**REQUIRED WORK**
Give again, word for word, each line below starting at the one that contains "reflective tape (50mm)" and ending at the one that contains "Escape into a".

**DATA SHOWN**
━━━

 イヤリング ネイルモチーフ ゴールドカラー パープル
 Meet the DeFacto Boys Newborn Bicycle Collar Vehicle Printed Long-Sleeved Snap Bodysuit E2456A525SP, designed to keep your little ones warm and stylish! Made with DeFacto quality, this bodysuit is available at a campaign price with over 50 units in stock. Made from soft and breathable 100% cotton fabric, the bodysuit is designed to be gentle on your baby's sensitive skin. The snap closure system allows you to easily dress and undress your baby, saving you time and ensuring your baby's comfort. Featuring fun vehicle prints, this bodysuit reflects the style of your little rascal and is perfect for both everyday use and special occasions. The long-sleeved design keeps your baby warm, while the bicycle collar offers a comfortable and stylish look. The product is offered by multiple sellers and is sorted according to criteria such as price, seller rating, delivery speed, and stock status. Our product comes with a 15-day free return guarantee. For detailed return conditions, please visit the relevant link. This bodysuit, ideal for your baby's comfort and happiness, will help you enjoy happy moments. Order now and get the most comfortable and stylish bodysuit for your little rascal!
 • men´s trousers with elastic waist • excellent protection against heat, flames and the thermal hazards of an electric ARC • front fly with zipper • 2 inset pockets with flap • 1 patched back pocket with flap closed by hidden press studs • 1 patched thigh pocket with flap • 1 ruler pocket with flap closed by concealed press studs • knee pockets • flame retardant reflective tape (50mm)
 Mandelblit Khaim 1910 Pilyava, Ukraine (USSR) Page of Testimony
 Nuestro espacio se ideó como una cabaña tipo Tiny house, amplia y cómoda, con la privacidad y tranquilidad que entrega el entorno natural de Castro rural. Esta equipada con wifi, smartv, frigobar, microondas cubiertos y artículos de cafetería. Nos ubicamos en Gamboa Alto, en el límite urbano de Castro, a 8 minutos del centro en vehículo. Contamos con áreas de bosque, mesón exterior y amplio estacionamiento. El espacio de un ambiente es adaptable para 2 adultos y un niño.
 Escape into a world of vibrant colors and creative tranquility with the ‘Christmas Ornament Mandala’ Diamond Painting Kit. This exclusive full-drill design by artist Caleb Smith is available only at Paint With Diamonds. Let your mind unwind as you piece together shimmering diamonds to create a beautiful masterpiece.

━━━

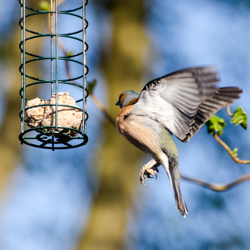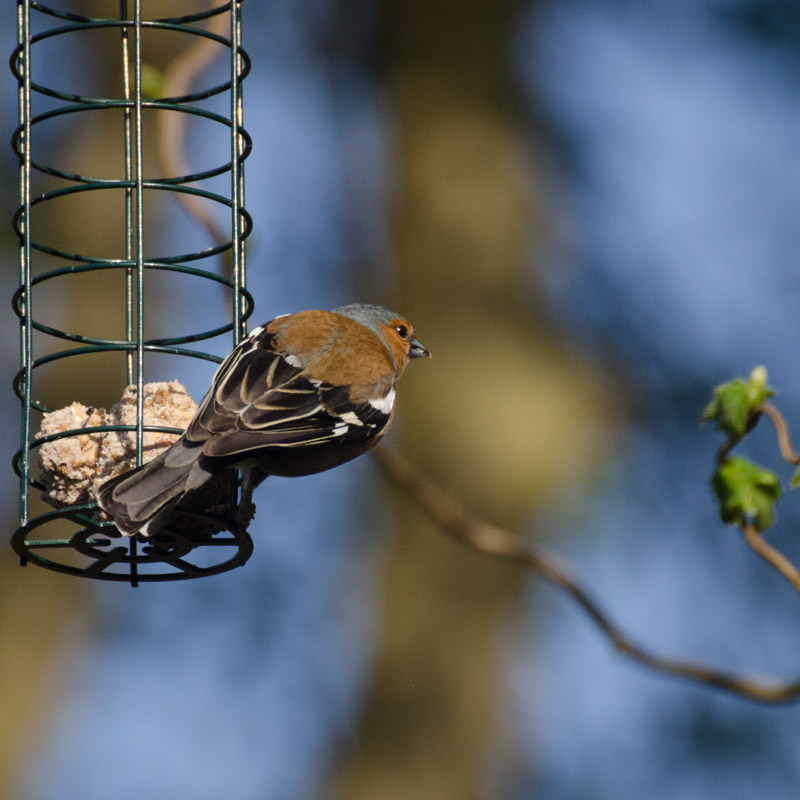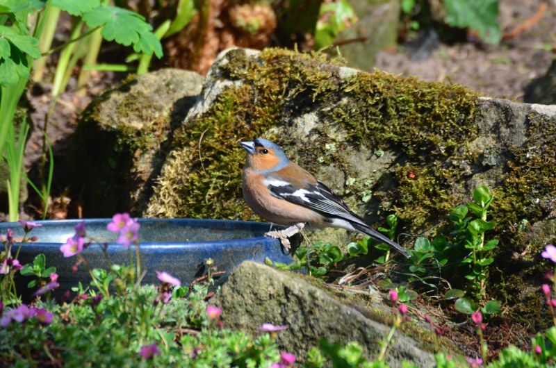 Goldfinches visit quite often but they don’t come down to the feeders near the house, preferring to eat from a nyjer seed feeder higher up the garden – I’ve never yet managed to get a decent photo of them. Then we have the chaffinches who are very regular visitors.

━━━

**ANSWER TO THIS PROBLEM**
 • men´s trousers with elastic waist • excellent protection against heat, flames and the thermal hazards of an electric ARC • front fly with zipper • 2 inset pockets with flap • 1 patched back pocket with flap closed by hidden press studs • 1 patched thigh pocket with flap • 1 ruler pocket with flap closed by concealed press studs • knee pockets • flame retardant reflective tape (50mm)
 Mandelblit Khaim 1910 Pilyava, Ukraine (USSR) Page of Testimony
 Nuestro espacio se ideó como una cabaña tipo Tiny house, amplia y cómoda, con la privacidad y tranquilidad que entrega el entorno natural de Castro rural. Esta equipada con wifi, smartv, frigobar, microondas cubiertos y artículos de cafetería. Nos ubicamos en Gamboa Alto, en el límite urbano de Castro, a 8 minutos del centro en vehículo. Contamos con áreas de bosque, mesón exterior y amplio estacionamiento. El espacio de un ambiente es adaptable para 2 adultos y un niño.
 Escape into a world of vibrant colors and creative tranquility with the ‘Christmas Ornament Mandala’ Diamond Painting Kit. This exclusive full-drill design by artist Caleb Smith is available only at Paint With Diamonds. Let your mind unwind as you piece together shimmering diamonds to create a beautiful masterpiece.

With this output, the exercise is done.